The second pattern is row capping at the tool boundary. Fixed data retrieval tools can return thousands of rows from the Google Ads API. The full results are stored in state for correct aggregate calculations. But what gets returned to the model is capped:

PYTHON
MAX_FIXED_ROWS_FOR_LLM = 100

def truncate_fixed_result_for_llm(result: Dict[str, Any]) -> Dict[str, Any]:
    out = dict(result)
    row_limits: Dict[str, Dict[str, int]] = {}
    for key, value in list(out.items()):
        if isinstance(value, list) and len(value) > MAX_FIXED_ROWS_FOR_LLM and value and isinstance(value[0], dict):
            total = len(value)
            out[key] = value[:MAX_FIXED_ROWS_FOR_LLM]
            row_limits[key] = {"shown": MAX_FIXED_ROWS_FOR_LLM, "total": total}
    if row_limits:
        out["_row_limits"] = row_limits
    return out

The tool returns at most 100 rows to the model, with a _row_limits metadata field so the model knows the full dataset is larger. Totals and aggregates are calculated from the full dataset before truncation, so the model gets accurate numbers alongside a representative sample of rows. The report writer can request full rows from state when it specifically needs them, but in practice the summary is almost always sufficient.

Forcing compact output with structured schemas

One more ADK-specific pattern worth mentioning: using output_schema to force structured output on agents that would otherwise produce verbose text.

The GAQL execution agent's job is to run queries and report what happened. Without constraints, a model might produce a multi-paragraph summary of each query's results.
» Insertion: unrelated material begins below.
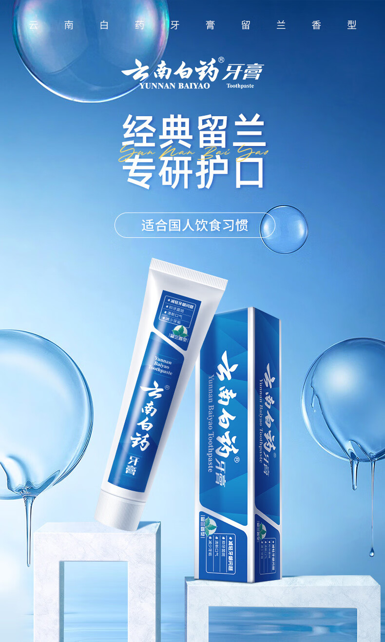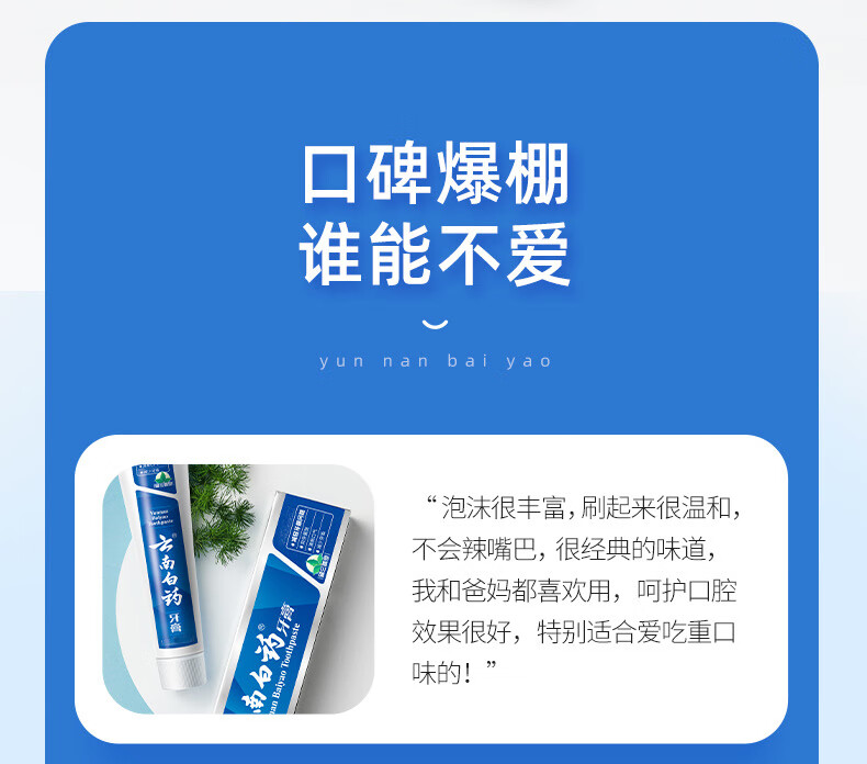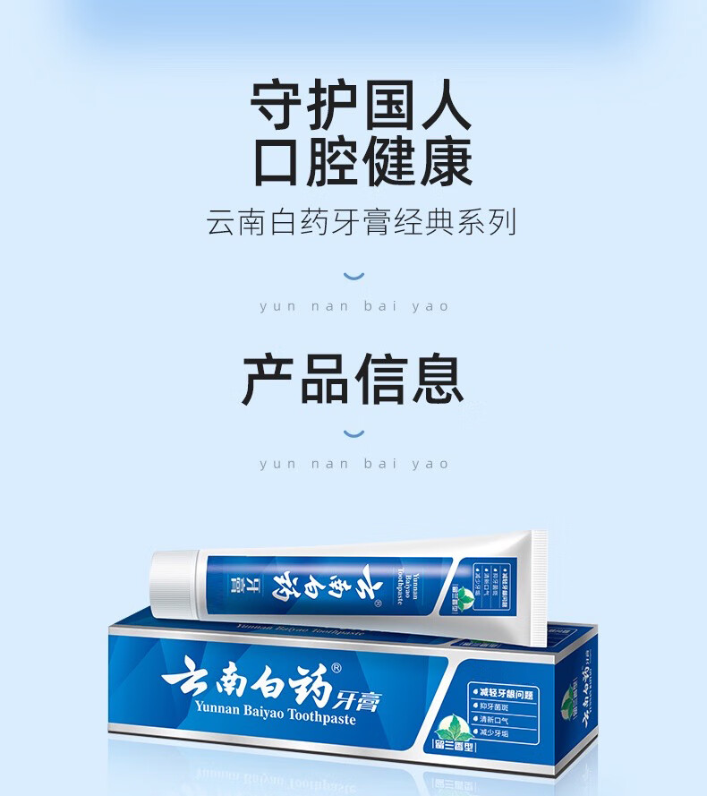 Yunnan Baiyao toothpaste, spearmint type, improves gum problems, strengthens teeth, protects gums, removes oral odor, freshens breath, spearmint type 215g*1 tube

With an output schema, it produces exactly what's needed:

PYTHON
class GAQLExecutionOutput(BaseModel):
    status: str
    total_queries: int
    successful_queries: int
    failed_queries: int

gaql_execution_agent = LlmAgent(
    name="wolfy_gaql_execution",
    output_schema=GAQLExecutionOutput,
    output_key="gaql_execution_output",
    ...
)

The model is forced to produce a four-field JSON object. That output gets stored in gaql_execution_output in state and never needs to enter another agent's context window. The actual query results are in gaql_execution_results, stored directly by the tool, not via model output.

Putting it together

These techniques stack. In the Wolfy GAQL loop, a single data retrieval cycle applies most of them in combination:

  1. strip_subagent_tool_responses_callback removes "For context:" injection blocks before every model call across all agents
  2. Specialist agents use include_contents="none" so conversation history never enters their context
  3. compact_gaql_queries_callback compresses query state before the analyst model call
  4. static_instruction loads the GAQL field reference once and caches it, separate from the dynamic instruction
  5. DataSummarizer pre-computes everything before the report writer runs, so raw rows never enter a model context
  6. truncate_fixed_result_for_llm caps tool return values at 100 rows while keeping full data available in state
  7. output_schema on the execution agent forces a four-field summary instead of verbose text

None of these are complicated individually. The compounding effect is what matters. Each one reduces the token footprint of a model call, which reduces cost, reduces latency, and reduces the likelihood of the model getting confused by irrelevant content buried in a long context.

The general principle behind all of them: a model should only see what it needs to do its specific job. Everything else should live in state, get computed in Python, or be stripped by a callback before the model ever sees it.